I enjoyed Florian Cramer's "What Is 'Post-digital'" essay and share his disdain 
for our overuse of the word digital. Calling Cornelia Sollfrank's or John 
Hopkin's work "digital art" seems to me like calling a tiger a large 
housecat--a convenient identification for zookeepers and curators. 

So much of this work has already bent the "digital" category. If Enzensberger 
wants us to send our secrets via postcards, he need look no further than 
"digital artist" Aram Bartholl's practice of printing postcards with pictures 
of WiFi passwords (http://datenform.de/greetings-from-the-internet-eng.html).

Enzensberger's essay and the typewriter-in-the-park meme are deceptively 
quaint. Both seem to be throwbacks until you examine them a bit more closely, 
at which point  references to the contemporary culture of Facebook and PRISM 
emerge. I grew up writing on a typewriter and certainly never saw one in the 
park before the age of netbooks and iPads.

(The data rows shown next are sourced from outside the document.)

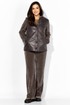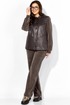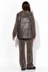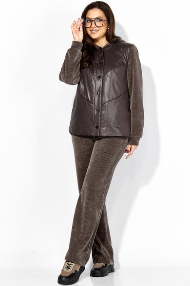 Комплект женский, 2х предметный, состоящий из куртки и брюк, выполнен из двух видов ткани-плащевка на синтепоне и вельвет на трикотажной основе. Куртка прямого силуэта. По переду наклонные рельефы и функциональные карманы. Застежка центральная, с отрезной планкой на кнопки. Рукав длинный, втачной с манжетой по кругу. Горловина оформлена манжетой по низу. Горловина оформлена капюшоном. Спинка с широкой стежкой, чуть удлиненная по низу. Перед спинки на подкладке.
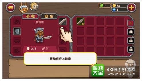 2.购买或出售装备:在商店中会随机出售一些装备,每通过一个关卡后也会奖励一件装备及一些金钱还有一笔少量的钻石。玩家可以在商店出售无用的装备,并购买需要的,个人感觉游戏中的金钱和钻石是很吃紧的,钻石获取难度太大,可能技能无法点亮。另外无法使用当前装备的角色头像会以红色背景显示。玩家也可以通过使用金币和钻石来刷新商店列表。游戏初期不推荐如此。
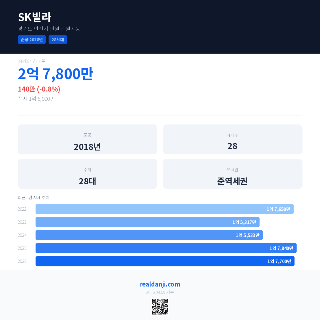 SK빌라 국민평형 기준 2026년 평균 거래가는 1억 7,700만으로, 전년 대비 0.8% 하락 했습니다.

On the other hand, neither the manifesto nor the meme is nuanced enough to 
apply to my life. When I hear an octogenarian say, "Whoever offers something 
for free is suspicious," I'm glad he's paying some attention to today's social 
media critics but I wish he'd thought more carefully before parroting this 
cliche. Most of the software I use today is "free" and I make most of my 
software available to others for the same price. I worry that the 
"free-as-in-Facebook" meme plays easily into the old Microsoft "open source 
isn't trustworthy" campaign of Fear, Uncertainty, and Doubt. 

So for me, whoever claims whoever offers something for free is suspicious is 
suspicious.

What happened to the Enzensberger who advocated being "as free as dancers, as 
aware as football players, as surprising as guerillas?" I'm not surprised (if I 
understand Andreas Broeckmann correctly) that Enzensberger's essay was 
published in a conservative newspaper. As much as I despise Facebook, I think 
we can summon a better response than a curmudgeonly "get off my lawn."